I almost didn't go to the funeral today. We met my parents for breakfast, and I had all but decided that I shouldn't go, since I was going with the wrong attitude. As I watched my parents drive off, I changed my mind. We raced home, I took the world's fastest shower and we took off. Too late for the final wake, we went directly to the church, and got there just as the casket was carried into the church.

I saw my mom and dad through the door, and we went in down the side aisle. My dad gave me a very sad smile, and I felt he wasn't really surprised, but glad to see us there. We sat behind my parents and one of my aunts, and next to two of my cousins.

From where I was sitting, all I could see of my newly widowed aunt was the back of her head and shoulders. She was flanked on either side by her two children; one slightly younger than me and the other about 20 years older (it's quite a story).

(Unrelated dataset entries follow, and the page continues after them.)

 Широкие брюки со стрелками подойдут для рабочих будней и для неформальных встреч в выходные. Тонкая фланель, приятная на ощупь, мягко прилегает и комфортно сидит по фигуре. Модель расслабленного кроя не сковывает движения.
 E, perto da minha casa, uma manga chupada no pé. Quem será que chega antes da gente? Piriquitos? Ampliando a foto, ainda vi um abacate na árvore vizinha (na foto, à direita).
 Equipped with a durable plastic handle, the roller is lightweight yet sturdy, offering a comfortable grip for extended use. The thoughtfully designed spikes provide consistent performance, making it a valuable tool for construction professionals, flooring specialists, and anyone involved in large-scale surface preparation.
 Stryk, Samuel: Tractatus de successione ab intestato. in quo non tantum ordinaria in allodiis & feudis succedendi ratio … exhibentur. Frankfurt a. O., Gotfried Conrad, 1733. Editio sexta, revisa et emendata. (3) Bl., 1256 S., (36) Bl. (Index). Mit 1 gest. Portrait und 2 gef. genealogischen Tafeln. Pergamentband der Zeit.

I don't know what started it. The soft, sad music might have helped, but suddenly I stopped thinking of how much I didn't like that woman. What I saw was a woman suddenly alone. After nearly 60 years of involvement (like I said, a long story), she was alone. I felt her fear, her sadness. I suddenly felt like I was sitting in that front pew, and it was one of my parents in that horridly cold cloth draped box on wheels. And the tears began. Not for her exactly, not for her kids exactly, but for loneliness and sadness in general.

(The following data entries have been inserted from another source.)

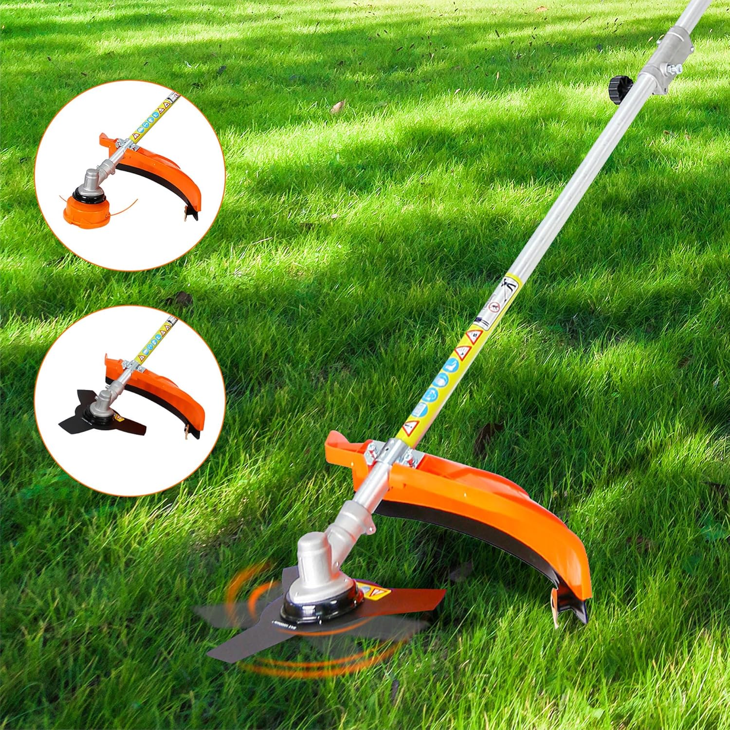 - 【Multiple Attachments】Our kit includes four professional-grade attachments, including a trimmer, brush cutter blade, hedge trimmer, and rotatable pole saw attachment. This eliminates the need for multiple tools and can save you valuable storage space.
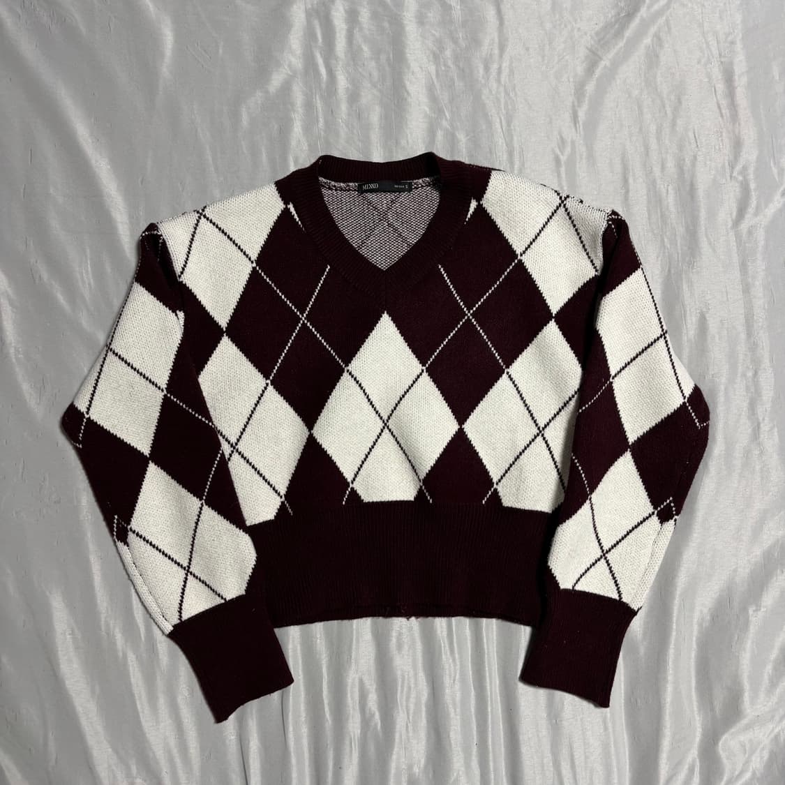 • 아가일 V넥 크롭 니트
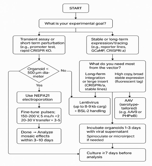 How labs decide based on organoid state, lumen access, cargo size, and mosaic vs stable expression.
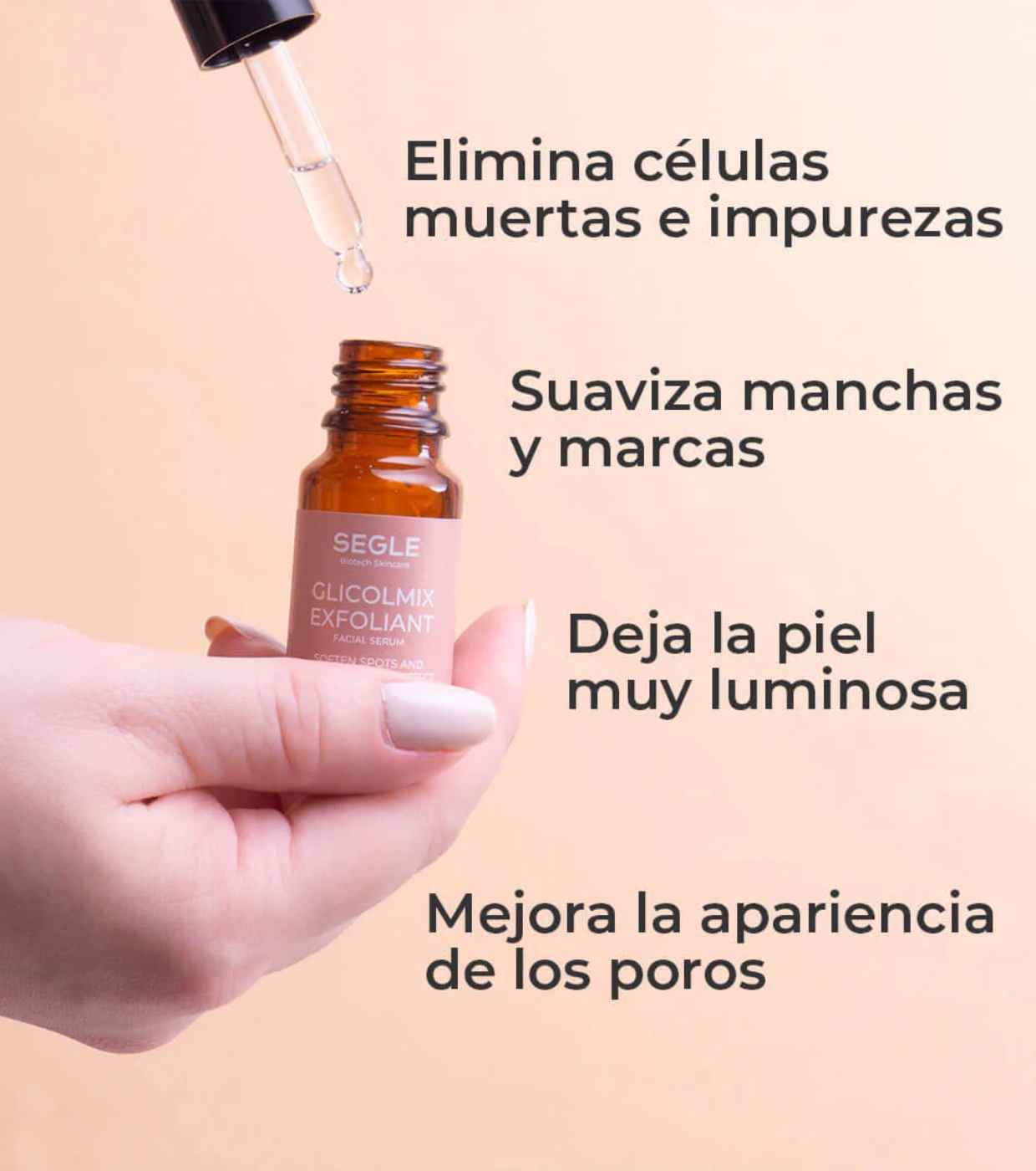- Glicolmix: erneuerndes Peeling. Verbessert die Textur und gleicht den Hautton aus (an 2 Abenden pro Woche anwenden).
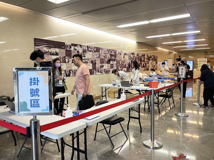 亞東醫院透過全院廣播,啟動醫院內部捐血作業機制,在大廳設立臨時捐血站。

When it ended, and the funeral directors came to wheel the casket out of the church, I felt her inner cry, I saw her hold back from clutching at the box, not yet wanting it to go, knowing that as soon as she allowed it to go, she would no longer be married. She no longer had her husband. It was just her. All alone. I wanted to stop the box from leaving, I wanted it all to not be sad.

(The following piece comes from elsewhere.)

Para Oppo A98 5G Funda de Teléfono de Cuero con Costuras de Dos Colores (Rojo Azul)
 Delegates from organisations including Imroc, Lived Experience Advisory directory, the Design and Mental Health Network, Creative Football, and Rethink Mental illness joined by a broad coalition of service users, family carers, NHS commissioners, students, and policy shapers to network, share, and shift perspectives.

I looked toward the front of the church. Catholic churches can be so gawdy. This one was completely decked out. Two days ago it was alive in celebration of the coming of the Son. And today it was filled with sadness of the passing of one. I should know better, but I can't make myself celebrate death as one going on to be with God. Sometimes I can eventually get to that place, but not for awhile. The warm celebratory feeling of the alter was in stark contrast to the cold echoey pews.

Before we left for the cemetery, I took several long minutes hugging my favorite aunt, and my mom, and looking at the building from which we all exited. Churches, especially old churches, have seen so much, have celebrated so much history. So many new beginnings, so many endings. So many wonderful celebrations, births, baptisms, first communions, confirmations, weddings. And so many sad endings.

This particular church, so sad today,

held a particular celebratory event just over 50 years ago, when my parents walked down that aisle together.

In many ways, this building I sat in and cried in today was really my beginning. And I guess it was so very sad because I just don't want my parents to ever end.